Small Energy Gap Revealed in CrBr3 by Scanning Tunneling Spectroscopy

TL;DR

This study uses scanning tunneling spectroscopy and DFT calculations to determine that CrBr3 has a much smaller energy gap (~0.57 eV) than previously believed, clarifying longstanding controversy.

Contribution

It provides the first unambiguous measurement of CrBr3's small energy gap, resolving conflicting optical measurement results and enhancing understanding of this 2D magnetic material.

Findings

CrBr3 has a peak-to-peak energy gap of 0.57 eV.

The measured energy gap aligns with optical transition data.

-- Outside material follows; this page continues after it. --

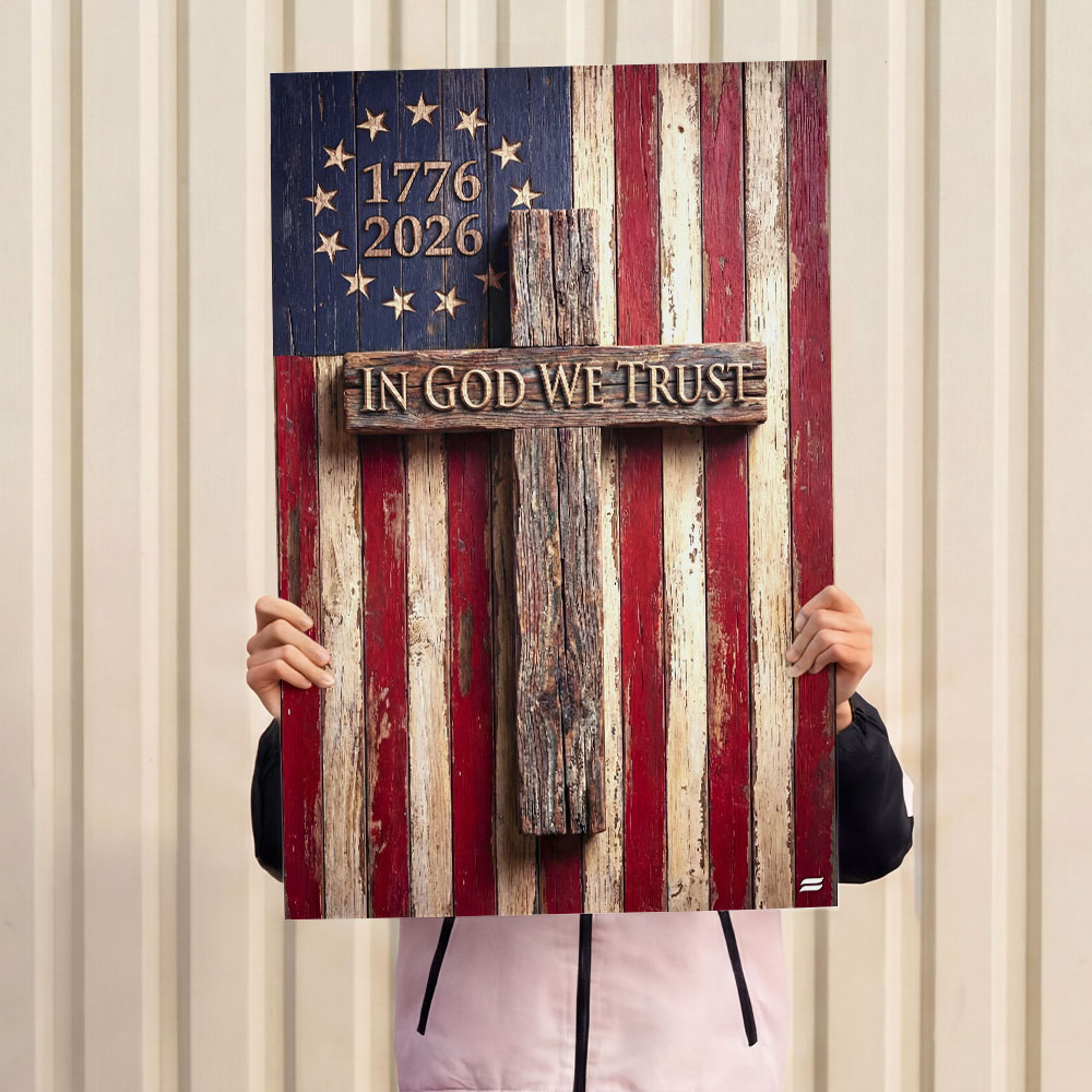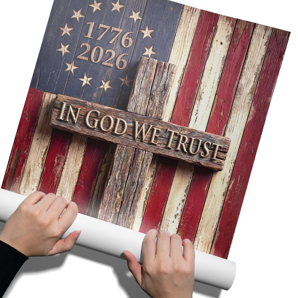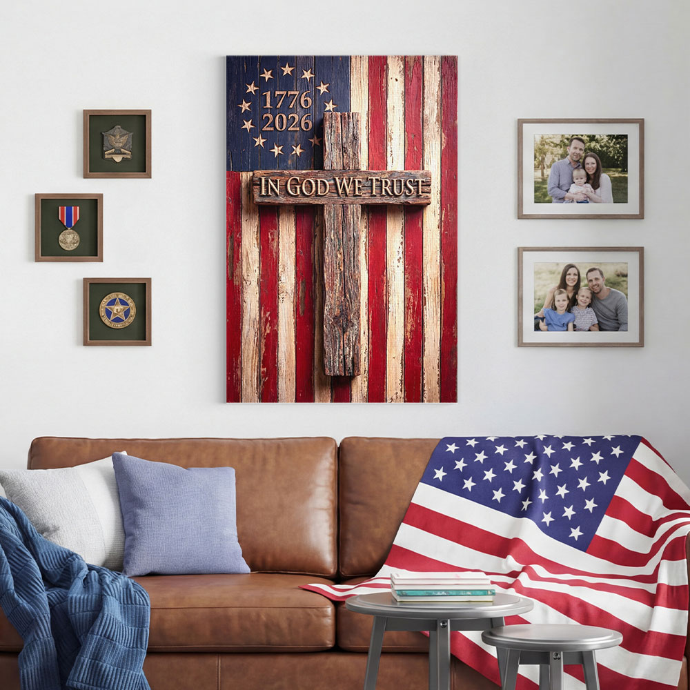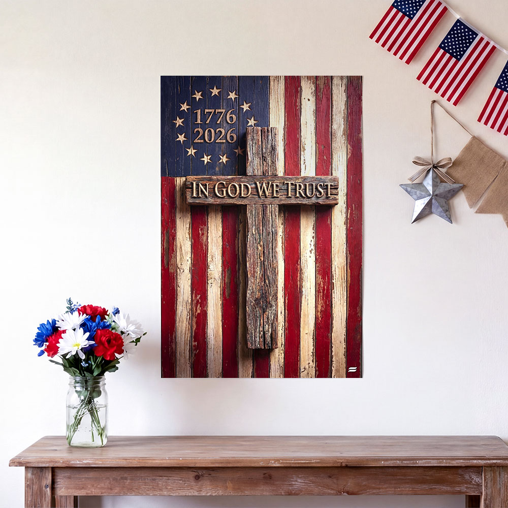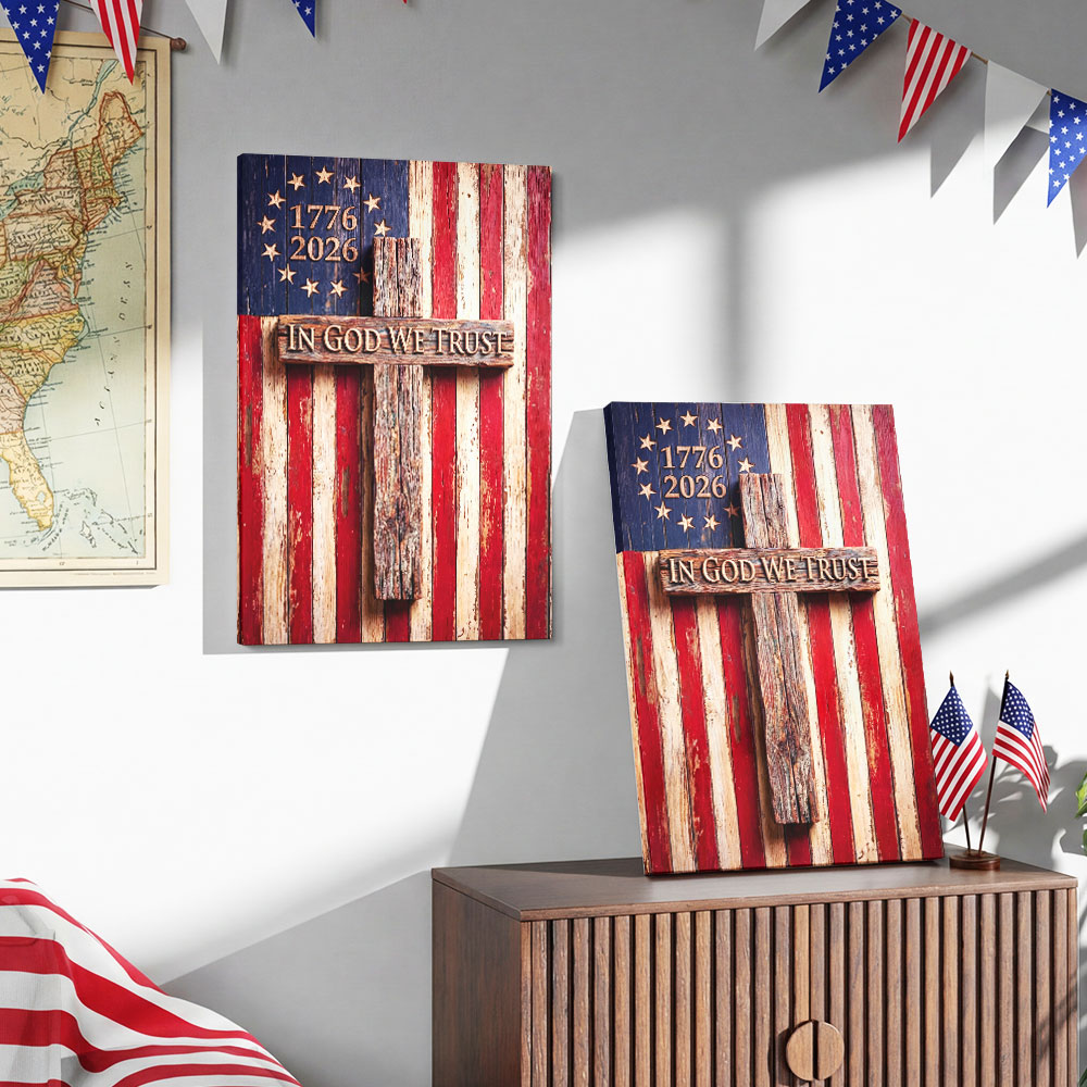 In God We Trust Patriotic Christian with Painting Betsy Ross Flag Canvas Wall Art

Defect-free crystal structure confirmed by STM topography.

Abstract

CrBr$_{3}$ is a layered van der Waals material with magnetic ordering down to the 2D limit. For decades, based on optical measurements, it is believed that the energy gap of CrBr$_{3}$ is in the range of 1.68-2.1 eV. However, controversial results have indicated that the band gap of CrBr$_{3}$ is possibly smaller than that. An unambiguous determination of the energy gap is critical to the correct interpretations of the experimental results of CrBr$_{3}$. Here, we present the scanning tunneling microscopy and spectroscopy (STM/S) results of CrBr$_{3}$ thin and thick flakes exfoliated onto pyropytic graphite (HOPG) surfaces and density functional theory (DFT) calculations to reveal the small energy gap (peak-to-peak energy gap to be 0.57 eV $\pm$ 0.04 eV; or the onset signal energy gap to be 0.29 $\pm$ 0.05 eV from dI/dV spectra). Atomic resolution topography images show the defect-free crystal structure and the dI/dV spectra exhibit multiple peak features measured at 77 K. The conduction band - valence band peak pairs in the multi-peak dI/dV spectrum agree very well with all reported optical transitions. STM topography images of mono- and bi-layer CrBr$_{3}$ flakes exhibit edge degradation due to short air exposure (~15 min) during sample transfer. The unambiguously determined small energy gap settles the controversy and is the key in better understanding CrBr$_{3}$ and similar materials.